The situation has improved since then, see the linked https://news.ycombinator.com/item?id=37544094
I wa t ti be able to import a cert into by browser and specify what to trust it for myself. “Only trust this cert for domain.com” did example.
The name constraints can give me a hint what it’s designed for, but if I import a cert to MITM devsite.org, I don’t want that cert working for mybank.com.
I did some research, write-up and scripting about the state of X.509 Name Constraints, so that people you give your CA cert to don't need to trust you not to MitM them on other domains.
Packaged into a convenient one-liner to create a wildcard cert under for the new .internal TLD.
Please scrutinize!
I use this to provide e.g. at home:
to provide transport encryption of these services in the local WiFi.Friends and family can add the CA root to their devices without having to worry about me MitM'ing their other connections.

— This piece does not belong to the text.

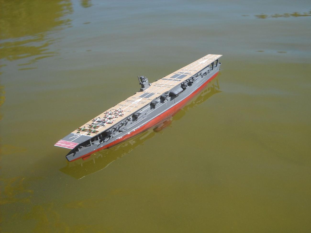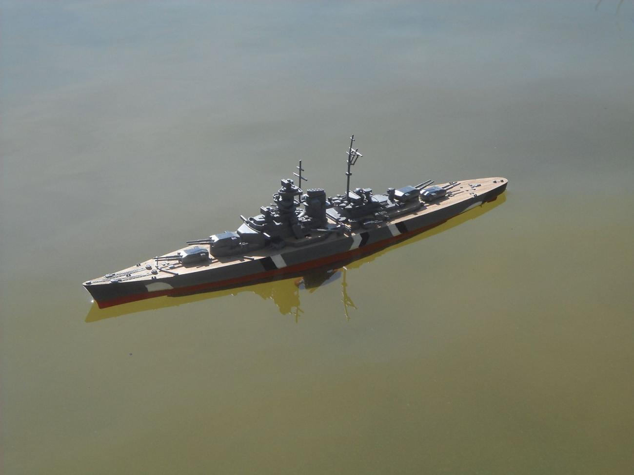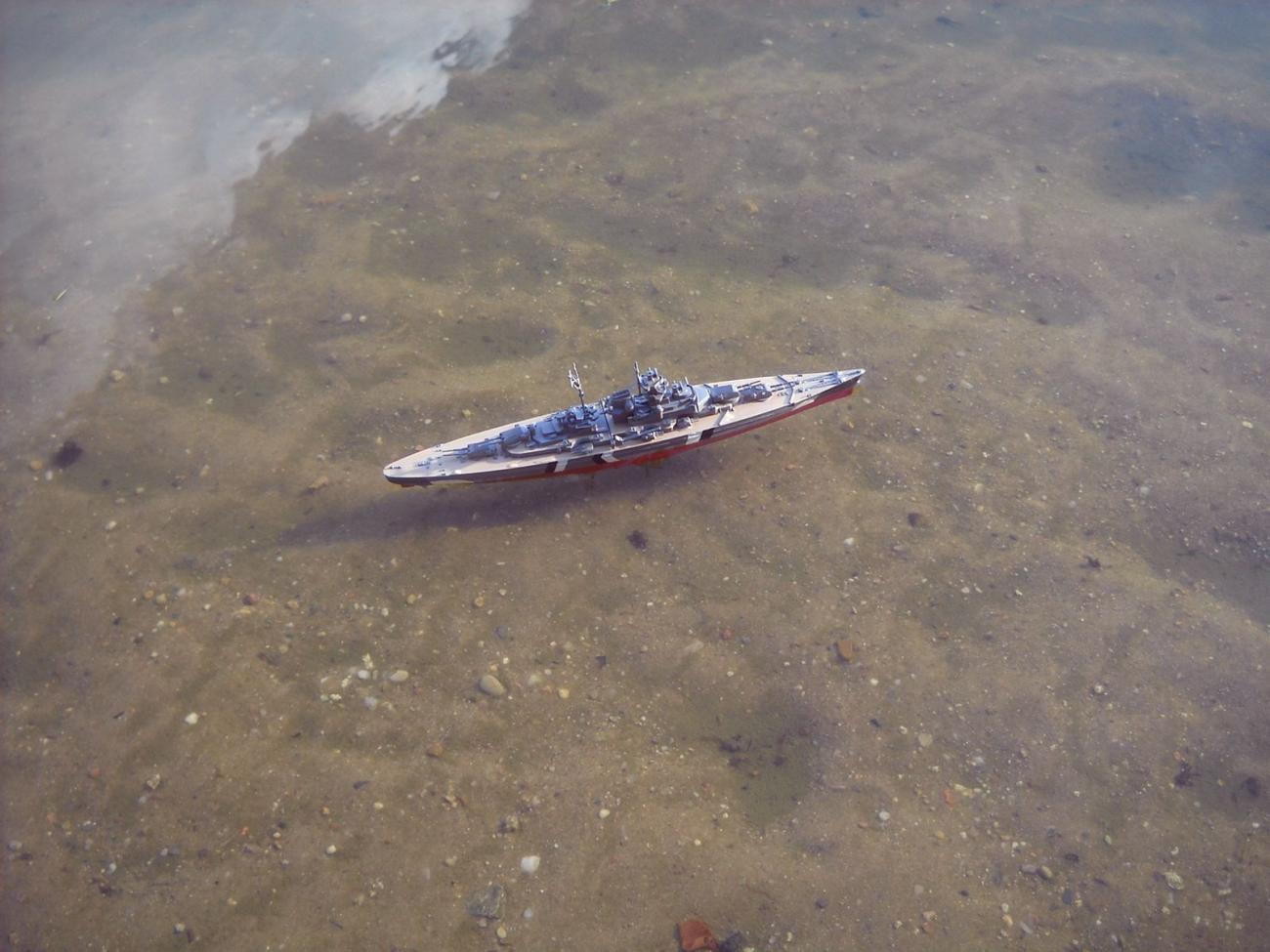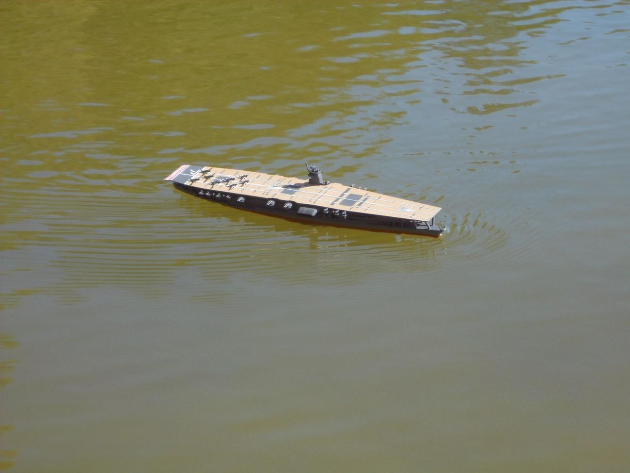 Hotový Bismarck se po spuštění na vodu v umyvadle a ve vaně choval uspokojivě. S Akagi jsem však zažil nečekaně velké komplikace. Trup byl ponořen příliš hluboko, takže loďka působila jako napůl potopená, a navíc se chovala labilně. Z kalkulací a testů vyplynulo, že nepomůže sebevětší odlehčení a jedinou šancí, jak dosáhnout, aby model působil na hladině přirozeně, bylo nějakým způsobem uměle zvýšit vztlak a stabilitu. S tou jsem se již předtím na jiném modelu potýkal a měl tedy po ruce řešení (balast na magnet pod trup). S prvně jmenovaným problémem jsem se však setkal poprvé. Nakonec jsem si poradil pomocí jednoduchého plováku z XPS přichyceného pod trup magnety. Směrem dolů z plováku vybíhá kýlová ploutev se zátěží z olůvka. Jelikož se trup při první zkušební plavbě stále nakláněl, byla posléze stabilita vylepšena prodloužením kýlové ploutve. Popsaný přípravek je možno přichytit i pod trup Bismarcka. Ten je sice stabilní dost a obejde se i bez něj, avšak jeho ponor je přeci jen o trochu vyšší, než by měl být. S pomocí plováku se čára ponoru dostane do správné pozice a model tím pádem při plavbě působí na pohled lépe.

Is it possible to constrain existing CA?
For example my government uses non-standard CA and some websites rely on it. But importing CA obviously makes them able to issue google.com and MITM me if they want to. And they already tried, so trust is broken.
I imagine something like generating separate name-constrained certificate, sign existing CA with this name-constrained certificate (I think it's called cross-sign or something like that) and import things into OS, expecting that browser will use name-constraints of the "Root-Root" certificate. Could it work?
Niklas, if you are reading this - it was a pleasure to interview with you some 6 (or so) years ago :) thanks for the script and the research, I will make use of it.
How does this compare to mkcert?
mkcert might be getting this as well: https://github.com/FiloSottile/mkcert/pull/309/commits/92215... (this is linked from the current submission's readme)
Is "name constraints" new? I wanted to do something similar a decade or two ago and found I'd have to be trusted for all domains, which I wanted to avoid.
It's been around since ~2008 when rfc5280 was released.
But it's long been stuck in a cycle of "CAs won't issue name-constrained certificates because not all clients support it properly" and "Clients don't bother to support it properly because CAs won't issue name-constrained certificates"
And even if today's clients all support it properly - there will always be some users running ancient smart TVs and android phones that haven't received a software update in a decade.
VALIDITY_DAYS="3650"
I'd rather see something with 90 days and ACME. Note sure why there isn't a simple certificate management tool that does this and maybe even brings a simple UI?
This is for an internal network.
tbh the skill level require for a valid wildcard cert isn’t all that high either.
This is about creating and using a domain-restricted CA, which is then used to create server certificates. Point being that your (tech savvy) friends are willing to install the CA because it can only ever validate some specific subdomains (and not MITM the entire internet).